It has been identified as Queen Katherine Parr for centuries. Thanks to modern technology used to examine the portrait by the NPG in London, it has been concluded that the portrait is indeed that of wife no.1, Queen Katherine of Aragon.

Disputed Lambeth Palace portrait; Katherine Parr or Katherine of Aragon
Lambeth Palace portrait; now identified as Queen Katherine of Aragon, wife no. 1

The young woman in the picture is blessed with good features, an oval-shaped face with a firm jawline and a clear complexion. But it is the overall impression of intelligence and intensity that is so compelling. There is an inner strength in the face that commands attention. The woman looks confident. This is a woman full of grace and maturity. The portrait is carefully composed. She is very much the aristocratic lady, expensively dressed and already demonstrating a love of jewels and fashion that would develop over the years. Her clothing is red and gold, with the hood perfectly matching the gown. At the period of time the portrait was painted the Telegraph quotes,

Academics working on the ‘Making Art in Tudor Britain’ project had noticed the facial features and costume worn by the woman were far more similar to works depicting the first Catherine, and dated from the 1520s or 30s. (Furness)

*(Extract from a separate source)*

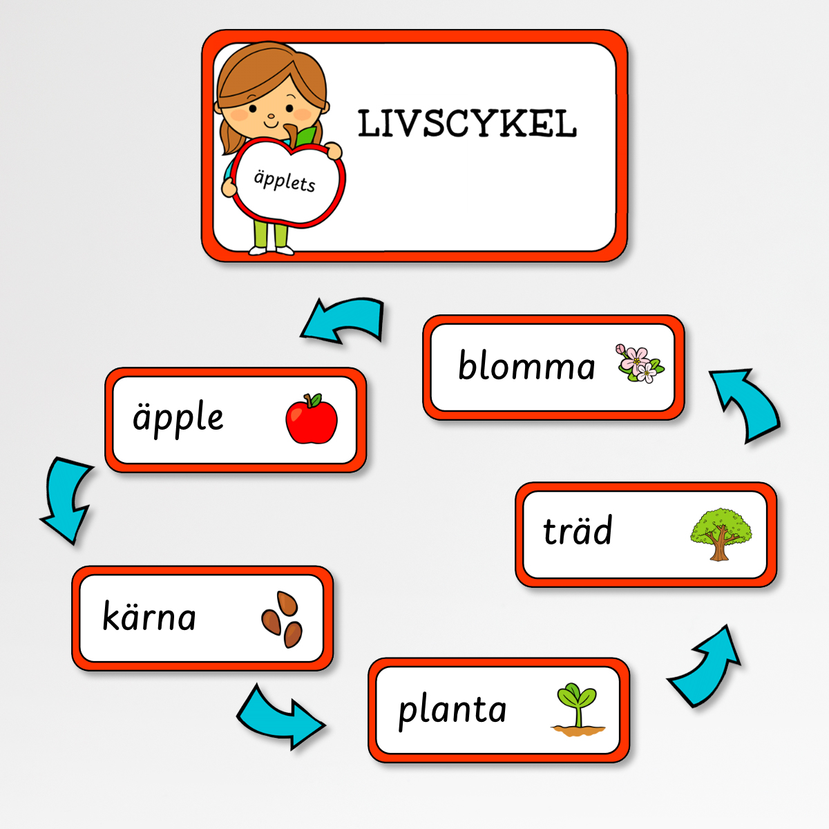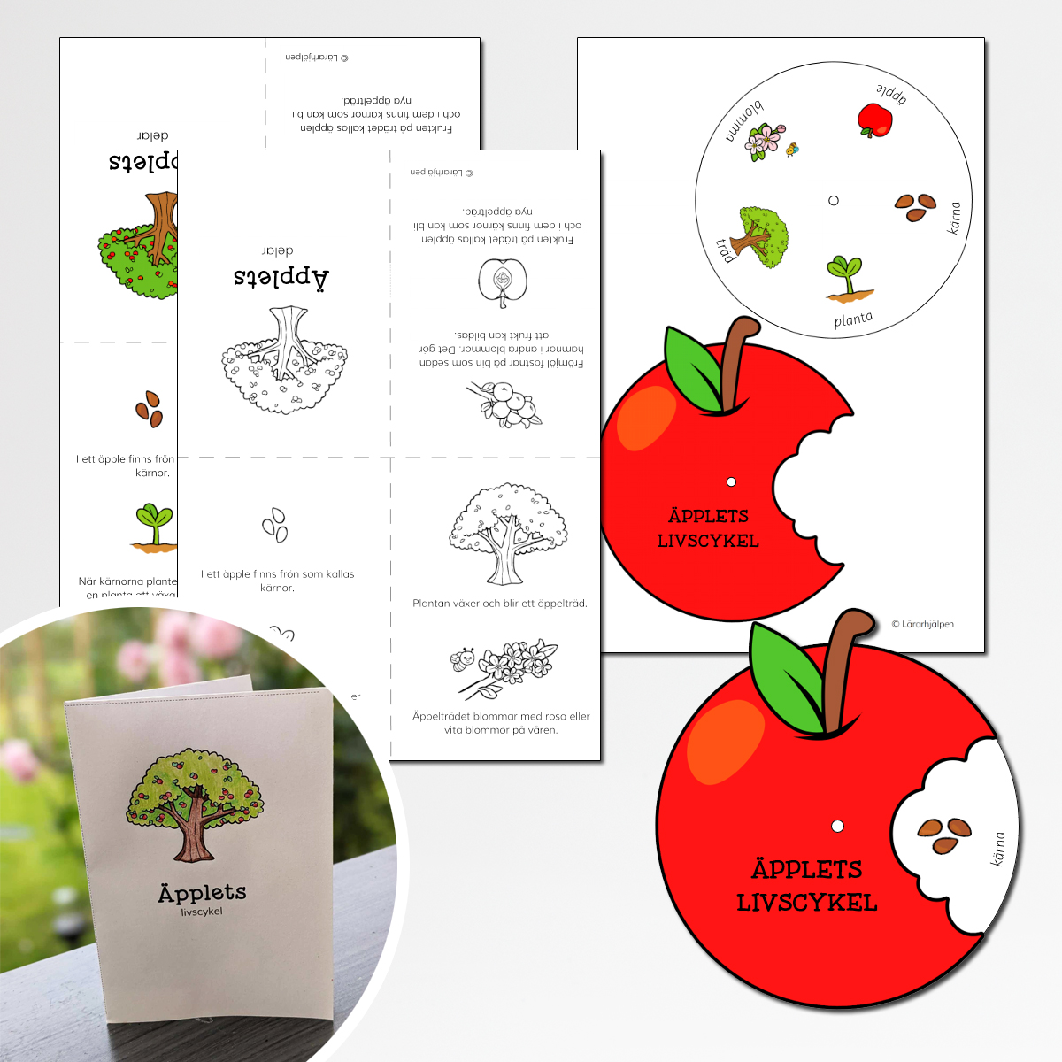 I det här materialpaketet finns allt du behöver när du ska arbeta med äpplets livscykel. Passar perfekt på sensommaren och hösten eller varför inte på äpplets dag den 25 september!

The 1520s — Katherine’s mother was still negotiating for a marriage. In 1529, she was married to Sir Edward Borough, son of Sir Thomas, 3rd Baron Borough of Gainsborough (Lord Chamberlain to Queen Anne Boleyn). The status wouldn’t have made her that important enough to paint. However, the 3rd Barons wife, Agnes Tyrwhitt had her portrait done by Holbein. Sir Thomas, however, had to pull his connections just to get his wife, Lady Borough, painted by Holbein. (Porter pg 55) By 1533, Katherine was a widow. Her next marriage to Lord Latimer took place in 1534 and it lasted until 1543. The hood was most likely outdated by the 1530s, but Katherine had not been living at court so perhaps she did not know the current fashions. Her home from 1529-1534 was spent in the Northern part of England; Lincolnshire. After her marriage to Sir John Neville, 3rd Lord Latimer her home was Snape Castle, in North Yorkshire. Her mother and sister would have been at court. Her mother served Katherine of Aragon until her household was dissolved. Her sister, Anne, would continue to serve under Queen Anne Boleyn. The two sisters were close so perhaps Anne wrote about the current fashions at court; Katherine was to become a fashionable queen so her interest must have developed early on. Therefore it is contradictory as to what Katherine actually wore.

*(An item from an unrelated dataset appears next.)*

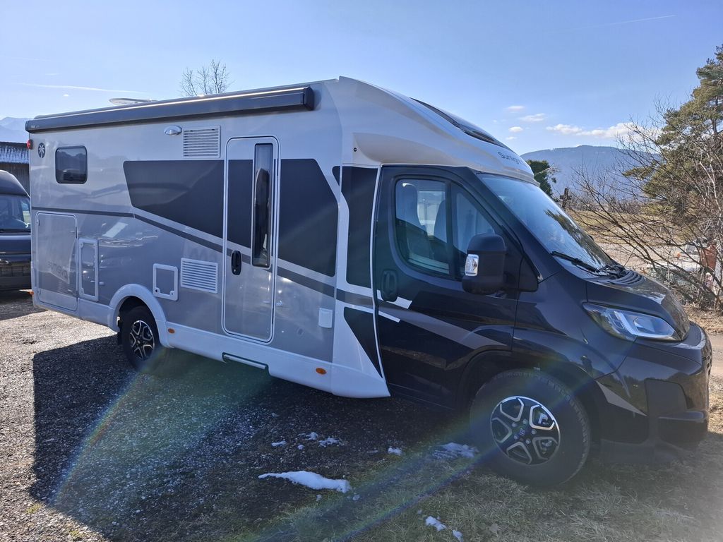 - Adventure Edition (Fiat Ducato 3.500 kg - 2.2 Multijet - 103 kW / 140 PS Euro 6 - 6-Gang-Schaltgetriebe, Chassisfarbe Weiß, Stoßfänger lackiert, 16" Alufelgen Original FIAT für Light-Chassis, Wohnwelt Adventure, Adventure Abklebung, Fenster in T-Haube, Rahmenfenster, Design Applikation Heck, 2. Außenstauraumklappe (Größe modellabhängig)(nicht T 58), Großer Kühlschrank 156 l mit separatem Frosterfach 29 l (nicht T 58), Bettenumbau im Bereich Sitzgruppe (T 69 LC), Bettenumbau Einzelbett zu Doppelbett (nicht T 58), Paket One Black (Markise, Fahrradträger 3-fach), Basic Paket Teilintegrierte (Bridge Light, Komfort Eingangstür mit Fenster, Fliegengittertür (einteilig), Panormadachhaube über Küche, Klarglasdachhaube 40x40, Kabelvorbereitung für Rückfahrkamera), Style Paket 1 (Lenkrad & Schaltknauf in Lederausführung, Luftauslässe mit Applikationen Silber (Techno-Trim), Kühlergrill schwarz glänzend, Skid Plate Schwarz, Scheinwerfer mit schwarzem Rahmen))

Lambeth Portrait of Katherine of Aragon.
Lambeth Portrait of Katherine of Aragon.

Interestingly, although the gown has fashionable slashed undersleeves and a gauzy partlet, covering the throat and chest, the coifed gable hood that the woman is wearing was a more conservative choice. Anne Boleyn supposedly made the French hood popular, but the hood had been introduced to England well before she returned from France in 1522. The French hood showed more hair, so therefore in some circles it was still considered unseemly. Jane Seymour favoured the gabled hood, though this may have been less a personal preference than a conscious decision to differentiate herself from her more flighty, disgraced predecessor. (Porter)

In Katherine Parr’s case, she had married a man whose overall outlook was conservative and it is possible that her head-wear reflected his taste. Her jewels, three ropes of pearls and a large, round gold, pearl and ruby brooch, are also a sign of wealth without ostentation. In this portrait, Katherine is very much the elegant nobleman’s wife. (Porter on the portrait being Katherine as Lady Latimer)

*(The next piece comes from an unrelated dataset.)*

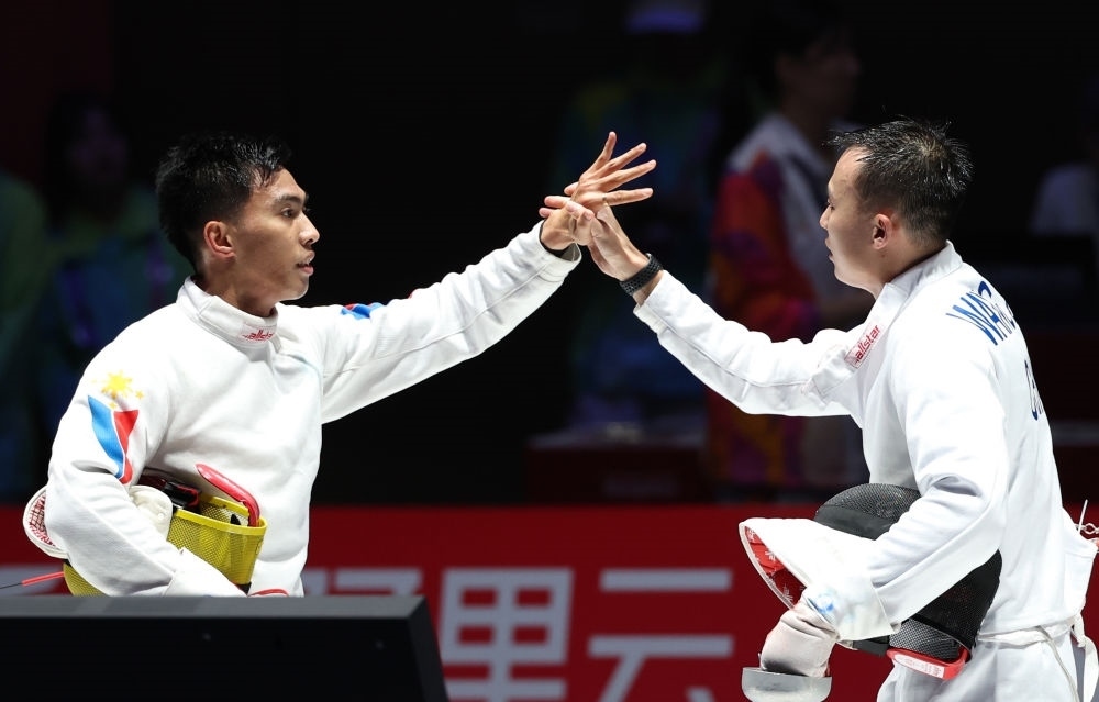 ?9月26日,中國選手王子杰(右)在男子個(gè)人重劍八分之一決賽賽后與菲律賓選手諾埃利托·何塞致意。

The two paintings will now be hung together for the first time in the National Portrait Gallery, nearly 500 years after they were painted Photo: National Portrait Gallery
The two paintings will now be hung together for the first time in the National Portrait Gallery, nearly 500 years after they were painted. Photo: National Portrait Gallery

Technical analysis of the paint and “rare” engraved frame by the NPG (National Portrait Gallery in London) are believed to show it was painted at the same time as a portrait of Henry VIII, with a similar style and scale. (Furness) (See above)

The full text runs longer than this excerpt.